- RECORDS TO PROCESS -
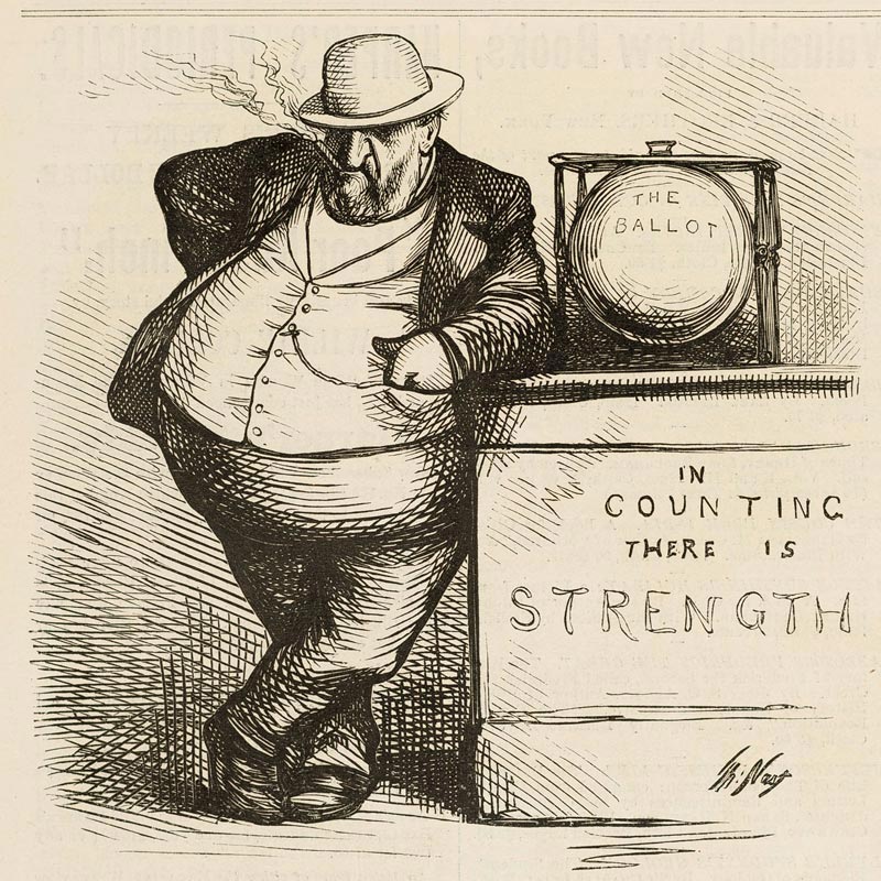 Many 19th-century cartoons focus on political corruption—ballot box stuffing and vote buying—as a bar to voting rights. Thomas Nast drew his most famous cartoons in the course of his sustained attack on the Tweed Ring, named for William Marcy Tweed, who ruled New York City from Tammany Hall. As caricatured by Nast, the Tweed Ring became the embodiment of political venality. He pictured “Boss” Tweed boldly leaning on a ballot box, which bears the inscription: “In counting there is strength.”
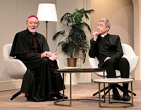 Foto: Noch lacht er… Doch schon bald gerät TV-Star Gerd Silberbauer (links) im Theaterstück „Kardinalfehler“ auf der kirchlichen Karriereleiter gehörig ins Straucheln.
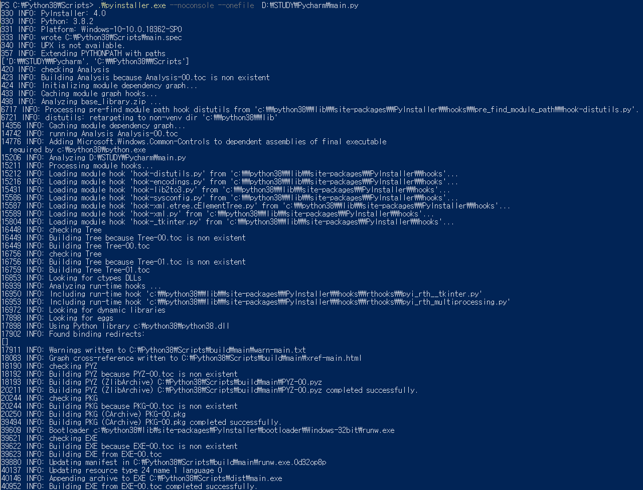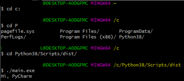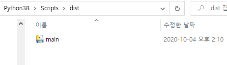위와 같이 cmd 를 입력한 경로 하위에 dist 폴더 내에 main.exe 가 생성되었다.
==
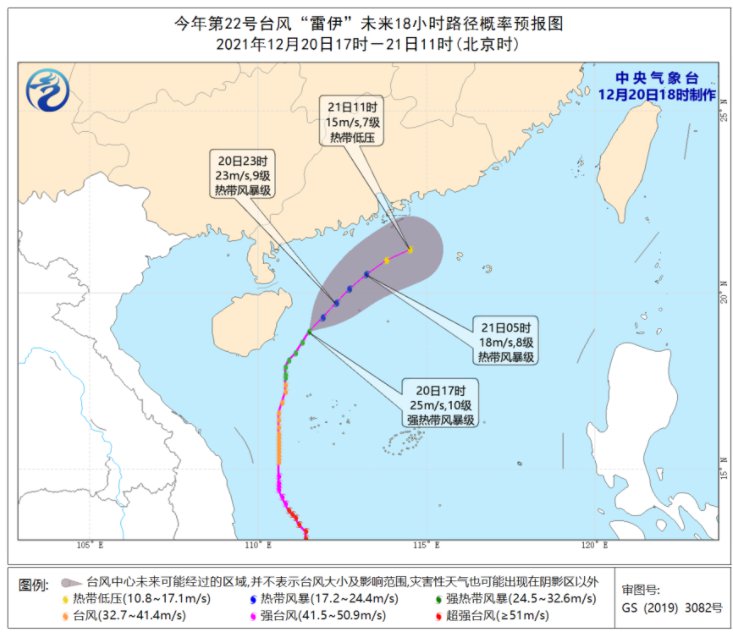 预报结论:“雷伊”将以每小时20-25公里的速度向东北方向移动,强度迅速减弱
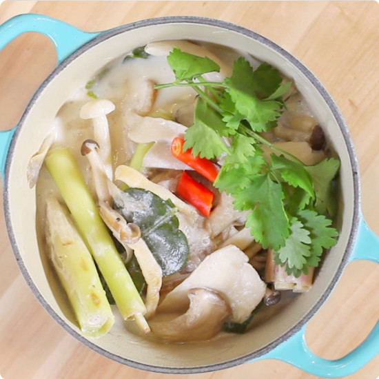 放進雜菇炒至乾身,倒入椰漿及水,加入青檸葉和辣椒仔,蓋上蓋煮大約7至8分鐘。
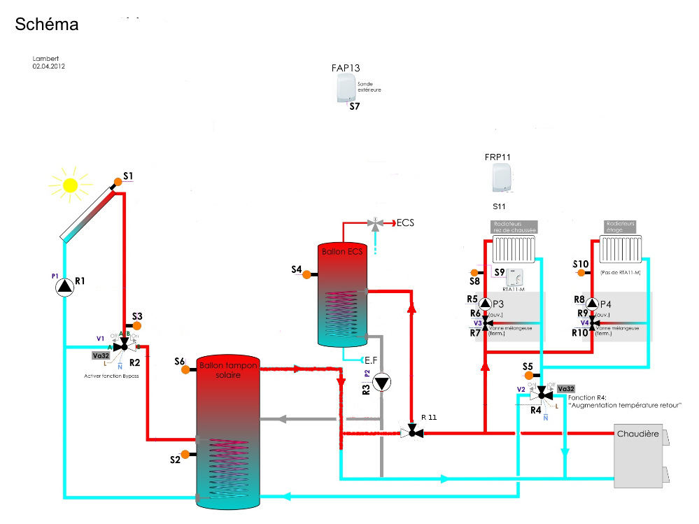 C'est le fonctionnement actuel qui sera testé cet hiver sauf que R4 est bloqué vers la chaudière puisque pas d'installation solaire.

- TASK REQUIREMENTS -
Text only, no pictures: please print exactly the lines above from the line with "Foto: Noch lacht" up to and including the line with "위와 같이 cmd 를", and nothing else.

- EXERCISE OUTPUT -
 Foto: Noch lacht er… Doch schon bald gerät TV-Star Gerd Silberbauer (links) im Theaterstück „Kardinalfehler“ auf der kirchlichen Karriereleiter gehörig ins Straucheln.
위와 같이 cmd 를 입력한 경로 하위에 dist 폴더 내에 main.exe 가 생성되었다.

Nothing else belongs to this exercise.